─── STUDY MATERIAL

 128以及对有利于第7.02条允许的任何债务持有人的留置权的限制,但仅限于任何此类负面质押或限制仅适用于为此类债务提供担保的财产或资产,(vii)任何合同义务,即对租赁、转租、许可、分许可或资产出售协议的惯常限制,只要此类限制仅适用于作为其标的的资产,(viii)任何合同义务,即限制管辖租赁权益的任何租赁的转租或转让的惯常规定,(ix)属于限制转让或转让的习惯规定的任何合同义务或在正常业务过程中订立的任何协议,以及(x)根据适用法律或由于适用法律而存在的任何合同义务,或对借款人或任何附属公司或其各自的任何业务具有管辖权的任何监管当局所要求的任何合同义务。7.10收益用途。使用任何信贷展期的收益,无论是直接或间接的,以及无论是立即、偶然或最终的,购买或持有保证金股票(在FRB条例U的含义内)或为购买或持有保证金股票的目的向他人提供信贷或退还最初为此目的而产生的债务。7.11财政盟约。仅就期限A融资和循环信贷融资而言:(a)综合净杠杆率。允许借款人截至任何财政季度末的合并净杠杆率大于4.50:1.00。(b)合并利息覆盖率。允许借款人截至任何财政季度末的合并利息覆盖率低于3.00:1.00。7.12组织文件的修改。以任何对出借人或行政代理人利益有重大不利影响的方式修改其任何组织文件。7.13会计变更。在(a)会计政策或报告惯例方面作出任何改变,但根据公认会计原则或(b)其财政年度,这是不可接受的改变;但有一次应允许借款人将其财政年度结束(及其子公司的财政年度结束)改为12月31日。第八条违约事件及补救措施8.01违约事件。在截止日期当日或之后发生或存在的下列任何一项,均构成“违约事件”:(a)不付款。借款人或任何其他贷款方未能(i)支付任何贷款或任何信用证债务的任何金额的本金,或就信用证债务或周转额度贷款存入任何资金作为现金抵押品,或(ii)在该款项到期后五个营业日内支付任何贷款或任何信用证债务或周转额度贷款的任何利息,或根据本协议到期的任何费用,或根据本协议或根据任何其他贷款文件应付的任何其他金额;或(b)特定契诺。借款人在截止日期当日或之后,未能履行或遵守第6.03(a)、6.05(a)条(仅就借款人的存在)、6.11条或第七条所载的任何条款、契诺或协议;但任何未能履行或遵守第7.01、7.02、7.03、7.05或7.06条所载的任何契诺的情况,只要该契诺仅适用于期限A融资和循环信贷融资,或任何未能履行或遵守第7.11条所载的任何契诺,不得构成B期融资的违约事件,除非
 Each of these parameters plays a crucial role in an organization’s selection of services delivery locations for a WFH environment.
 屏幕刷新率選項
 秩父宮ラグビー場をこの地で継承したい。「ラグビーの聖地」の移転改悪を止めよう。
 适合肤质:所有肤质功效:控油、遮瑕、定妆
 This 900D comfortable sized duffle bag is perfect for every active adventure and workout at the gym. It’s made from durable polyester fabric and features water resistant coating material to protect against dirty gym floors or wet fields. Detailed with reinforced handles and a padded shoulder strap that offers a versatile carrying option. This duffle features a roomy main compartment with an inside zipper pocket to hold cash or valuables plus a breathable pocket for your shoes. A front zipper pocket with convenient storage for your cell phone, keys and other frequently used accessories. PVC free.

──────

EXERCISE:
All that the answer may hold is the lines from the one with "Each of these" through the end of the data, set down exactly as they appear.

THE COMPLETED TASK:
 Each of these parameters plays a crucial role in an organization’s selection of services delivery locations for a WFH environment.
 屏幕刷新率選項
 秩父宮ラグビー場をこの地で継承したい。「ラグビーの聖地」の移転改悪を止めよう。
 适合肤质:所有肤质功效:控油、遮瑕、定妆
 This 900D comfortable sized duffle bag is perfect for every active adventure and workout at the gym. It’s made from durable polyester fabric and features water resistant coating material to protect against dirty gym floors or wet fields. Detailed with reinforced handles and a padded shoulder strap that offers a versatile carrying option. This duffle features a roomy main compartment with an inside zipper pocket to hold cash or valuables plus a breathable pocket for your shoes. A front zipper pocket with convenient storage for your cell phone, keys and other frequently used accessories. PVC free.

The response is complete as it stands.